My Mum has gone to my sisters every single year for the last 5 years. To be fair We live a fairly long way from them (250 miles).
She hasn't once asked us what we're doing or whether we'd like to stay with them and has declined every invite I've made. I have 3 DC.
Her reasoning is that my sister needs her help with cooking Christmas dinner more than I do 🧐
I actually don't mind and prefer Christmas at home with My DH and DC but it is a little bit hurtful - story of my life though. I get it OP, it's a bit upsetting no matter how old you are. But console yourself by surrounding yourself with your own little family and have a lovely relaxed day at home.

BoomBoomsCousin · 20/09/2018 19:08

I think, as smaller nuclear families have become the norm and standards for childcare have increased and as society has become more individualistic, having children around has become more exhausting and something people are more prepared to say "no" to.

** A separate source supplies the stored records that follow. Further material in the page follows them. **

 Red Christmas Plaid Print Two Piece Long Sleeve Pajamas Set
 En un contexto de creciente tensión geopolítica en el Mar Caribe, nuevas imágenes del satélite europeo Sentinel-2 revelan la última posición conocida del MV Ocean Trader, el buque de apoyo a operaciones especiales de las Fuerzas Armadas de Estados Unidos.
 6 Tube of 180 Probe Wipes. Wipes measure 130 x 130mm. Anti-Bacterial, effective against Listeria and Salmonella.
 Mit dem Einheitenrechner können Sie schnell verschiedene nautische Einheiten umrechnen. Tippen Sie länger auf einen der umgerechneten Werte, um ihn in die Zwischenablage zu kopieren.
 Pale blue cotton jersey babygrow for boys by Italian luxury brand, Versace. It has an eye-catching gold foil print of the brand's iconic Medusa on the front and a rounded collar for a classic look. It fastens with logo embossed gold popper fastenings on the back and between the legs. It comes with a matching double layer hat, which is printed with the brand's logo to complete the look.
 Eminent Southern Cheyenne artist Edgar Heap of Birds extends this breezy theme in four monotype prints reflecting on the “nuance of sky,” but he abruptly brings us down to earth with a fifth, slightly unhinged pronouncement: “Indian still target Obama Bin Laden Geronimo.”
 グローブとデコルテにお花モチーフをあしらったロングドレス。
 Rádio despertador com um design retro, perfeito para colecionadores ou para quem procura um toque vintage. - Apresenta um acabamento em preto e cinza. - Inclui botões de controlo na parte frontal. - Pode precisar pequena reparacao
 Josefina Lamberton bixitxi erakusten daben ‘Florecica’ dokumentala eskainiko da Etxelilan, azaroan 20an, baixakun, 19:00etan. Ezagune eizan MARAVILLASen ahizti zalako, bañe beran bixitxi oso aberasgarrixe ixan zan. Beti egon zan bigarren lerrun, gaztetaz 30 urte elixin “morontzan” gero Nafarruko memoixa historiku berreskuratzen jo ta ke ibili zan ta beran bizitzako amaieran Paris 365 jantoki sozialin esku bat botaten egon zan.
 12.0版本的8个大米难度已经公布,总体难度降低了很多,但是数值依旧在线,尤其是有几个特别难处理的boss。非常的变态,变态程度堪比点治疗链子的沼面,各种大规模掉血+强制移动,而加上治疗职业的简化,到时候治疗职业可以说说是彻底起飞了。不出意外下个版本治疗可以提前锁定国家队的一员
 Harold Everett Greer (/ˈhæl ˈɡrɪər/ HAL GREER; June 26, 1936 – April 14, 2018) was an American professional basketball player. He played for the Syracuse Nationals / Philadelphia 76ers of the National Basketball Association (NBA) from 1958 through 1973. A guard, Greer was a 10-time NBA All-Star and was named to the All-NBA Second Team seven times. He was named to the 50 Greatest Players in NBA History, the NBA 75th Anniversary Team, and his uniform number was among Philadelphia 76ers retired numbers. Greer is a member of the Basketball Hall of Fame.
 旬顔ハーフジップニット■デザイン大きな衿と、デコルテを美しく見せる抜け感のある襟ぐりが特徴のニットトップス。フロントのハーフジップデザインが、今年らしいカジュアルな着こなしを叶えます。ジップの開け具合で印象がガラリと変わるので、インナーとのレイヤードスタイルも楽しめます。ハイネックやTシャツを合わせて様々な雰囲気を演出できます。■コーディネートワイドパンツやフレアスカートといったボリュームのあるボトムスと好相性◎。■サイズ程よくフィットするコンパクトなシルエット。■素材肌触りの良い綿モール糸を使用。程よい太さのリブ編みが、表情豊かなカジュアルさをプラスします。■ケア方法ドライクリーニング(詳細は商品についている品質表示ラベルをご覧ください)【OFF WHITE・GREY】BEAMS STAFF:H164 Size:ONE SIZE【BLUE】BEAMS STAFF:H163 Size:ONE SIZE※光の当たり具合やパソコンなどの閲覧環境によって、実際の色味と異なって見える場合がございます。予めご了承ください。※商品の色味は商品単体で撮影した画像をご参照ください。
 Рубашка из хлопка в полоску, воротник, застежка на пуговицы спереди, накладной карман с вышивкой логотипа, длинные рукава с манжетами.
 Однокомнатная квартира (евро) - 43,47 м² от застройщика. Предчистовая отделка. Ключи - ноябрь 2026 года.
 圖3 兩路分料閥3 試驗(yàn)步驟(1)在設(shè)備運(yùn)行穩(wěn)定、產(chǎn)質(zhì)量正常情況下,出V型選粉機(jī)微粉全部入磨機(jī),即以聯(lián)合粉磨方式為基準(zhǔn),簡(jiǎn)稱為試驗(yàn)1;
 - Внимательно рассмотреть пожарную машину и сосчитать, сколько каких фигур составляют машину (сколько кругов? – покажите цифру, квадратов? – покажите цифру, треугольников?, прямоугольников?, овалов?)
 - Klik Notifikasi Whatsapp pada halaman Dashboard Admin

When you have big families coming together there is more work, but there are also more hands to share the load. The children, to a large extent, look after/entertain themselves and when they do need adults there are more around. When you have smaller families - the grandparent (or the parents!) often have greater expectations put on them. Children are less likely to be encouraged to burn off energy outside on their own. They want Granny's/Grandad's attention 1-1 more, make more noise indoors and need more thoughtful activities made available to them, often with supervision.

It seems to me it's a very different experience from when I used to go to my grandparents' house for a big family gathering. So I'm not surprised grandparents are less keen. I also think there were probably a lot of grandparents in the past who weren't that keen but it was what had to happen and they were used to putting on a good face and doing what they were supposed to rather than what they want - our society doesn't value that as much nowadays.

girlywhirly · 20/09/2018 20:45

Lucyloooo, if your mum decides to play the victim and twist what you’ve said, make sure you have told anyone who’s opinion matters that you decided to stay at home for Christmas because your mum already has guests staying then, and has been indecisive about whether you can stay or not. So if she starts making it out to be all your fault it won’t wash, you can say to her that she didn’t seem very enthusiastic and what is wrong with seeing you all at another time? She could be faffing about until mid December. At least this way you can get on the Christmas topic and plan your Christmas from all the good ideas on there.

She doesn’t get to be disappointed if you choose to go to your PIL either, she had her chance.

FuzzyCustard · 20/09/2018 20:47

I'm staying in a Premier Inn now. It's bloody lovely.

Zerrin13 · 20/09/2018 22:06

My adult daughter went to her partner's parents for Christmas last year and I missed her so much. I will always want all my 3 kids at my house at Christmas. I just don't understand people who have little to no interest in their grandchildren. My husband is Turkish and it would be unthinkable to not want to spend time with your grandchildren. In their culture family is everything.